After sitting down with my advisor a few weeks ago and laying all of my thoughts and emotions out on the table, things have been just fine.
She wasn’t just looking to discuss my trip, like what I saw and what I did: she wanted to know how I changed from my experience. I think that’s all I really needed.
While every day I’m still learning how I’ve changed from being in Jordan, I’ve been extremely lucky to have the resources I have here at school. I know exactly where to turn if I ever need anything.
I’ve also been extremely lucky and so thankful to have met the people that I have since returning, and I’ve found a great circle of friends and a support system that was quite limited before I left for Jordan.
I am now a part of the Muslim Student Association, a new student organization formed while I was gone by a few MENA (Middle Eastern/North African) students who felt it was something that should be better represented on campus to help dispel stereotypes.

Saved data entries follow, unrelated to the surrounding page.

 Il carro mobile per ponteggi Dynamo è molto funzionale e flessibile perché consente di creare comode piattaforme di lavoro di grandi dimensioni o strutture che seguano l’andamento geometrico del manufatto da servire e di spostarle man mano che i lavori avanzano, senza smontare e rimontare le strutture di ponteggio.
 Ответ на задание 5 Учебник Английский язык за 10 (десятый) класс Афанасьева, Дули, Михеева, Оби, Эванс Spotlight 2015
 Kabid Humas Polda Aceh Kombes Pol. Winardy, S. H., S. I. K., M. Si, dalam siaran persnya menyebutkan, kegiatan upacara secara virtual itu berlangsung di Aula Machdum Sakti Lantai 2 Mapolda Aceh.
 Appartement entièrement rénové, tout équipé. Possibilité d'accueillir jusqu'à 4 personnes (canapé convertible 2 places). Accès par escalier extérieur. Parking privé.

The result of joining was a group of new friends that I never imagined I would have when I came back to America.
They’ve been so inclusive and what’s interesting is how much they learn from me while I learn just as much from them when we exchange our cultural differences between their host countries and my time in Jordan. In a way, I’m kind of seen by them as the white Jordanian on campus, expert on all things Jordan.
Regardless, I honestly think it’s been the best thing to happen to me since coming back and it’s been amazing to see how life has played out for me since I returned.

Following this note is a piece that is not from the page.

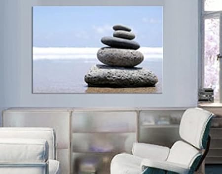 Stones Modern On Canvas Already Framed Modern 152 X 78 Cm Quadri Furniture Home Spa Centre Welfare Zen Black Stone River Lake Sea Stones Nereestetista Hairdresser Home Office Camera Bed Hotel
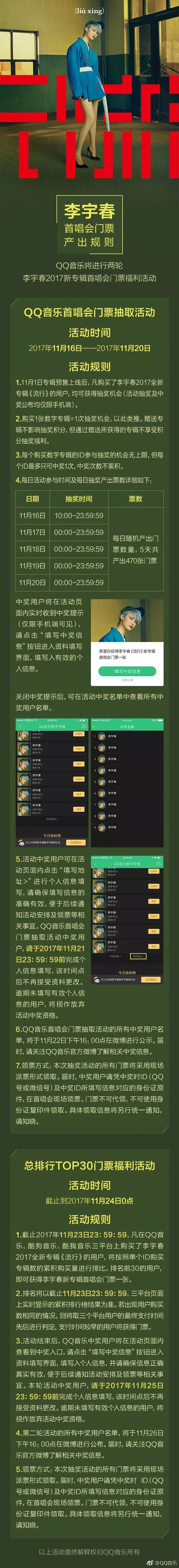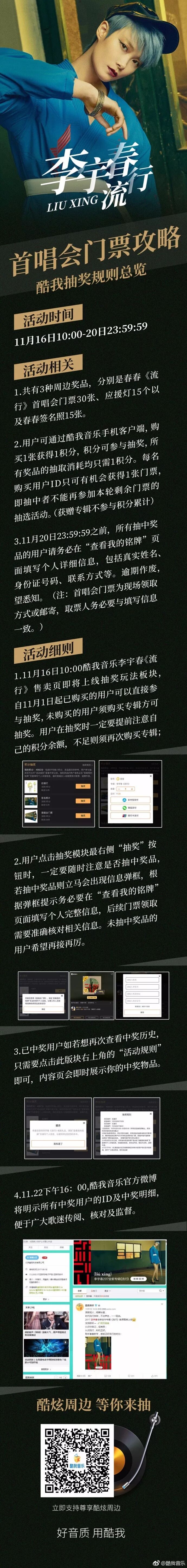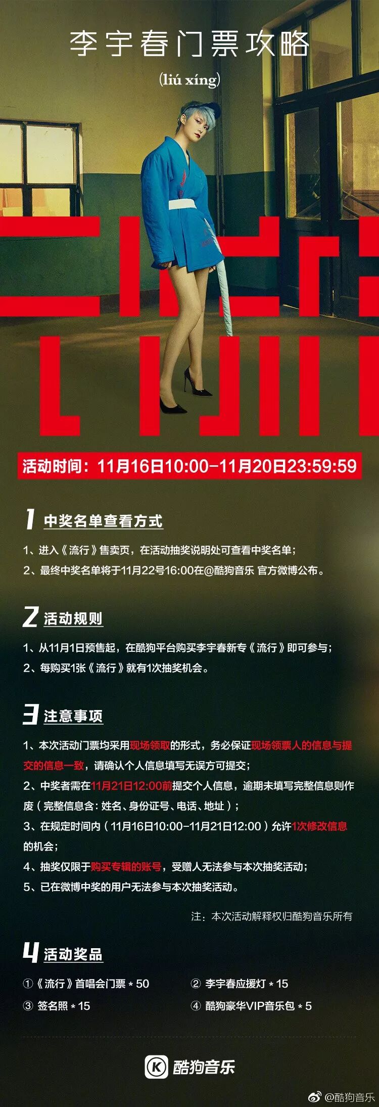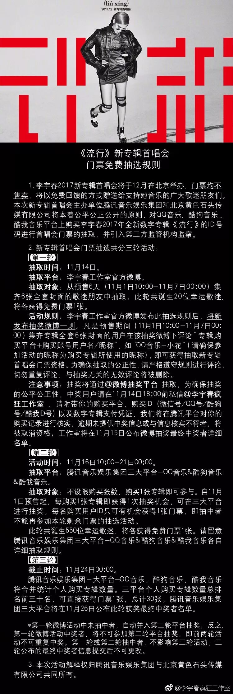 11月16日,“李宇春新专辑首唱会”门票抽取第二轮,将在“QQ音乐”、“酷狗音乐”、“酷我音乐”三大平台开启。只要购买李宇春最新专辑《流行》,即可参与首唱会门票抽奖,还有春春亲笔签名照和精美应援灯等奖品等你哦!快去购买吧!(小编祝大家喜中门票)

Initially I was so stressed to be starting school but still having that overwhelming feeling that I shouldn’t be here and that I should be back in Jordan.
While I still see myself returning to Jordan, whether in the near future or when life brings me back that direction, I’m so much more content living with what’s been placed in front of me now and in this present moment.
I’m still constantly in touch with everyone back in Jordan—although Luyi and Jack are off doing their own things in Morocco and Switzerland at the moment—but I no longer feel like my wanting to be back there needs to or should be the most dominant thing in my life.
Maybe the reason is that I’ve been fortunate enough to find a group of friends that, while they won’t replace what I had with my friends back in Jordan, are just a new experience that I was meant to have.
Either way, my perspective on life has been much better these last few weeks and I’m excited to watch these new friendships grow and take their shape. Who knows: maybe the friendships I make now will take me down another exciting path in my future. Inshallah.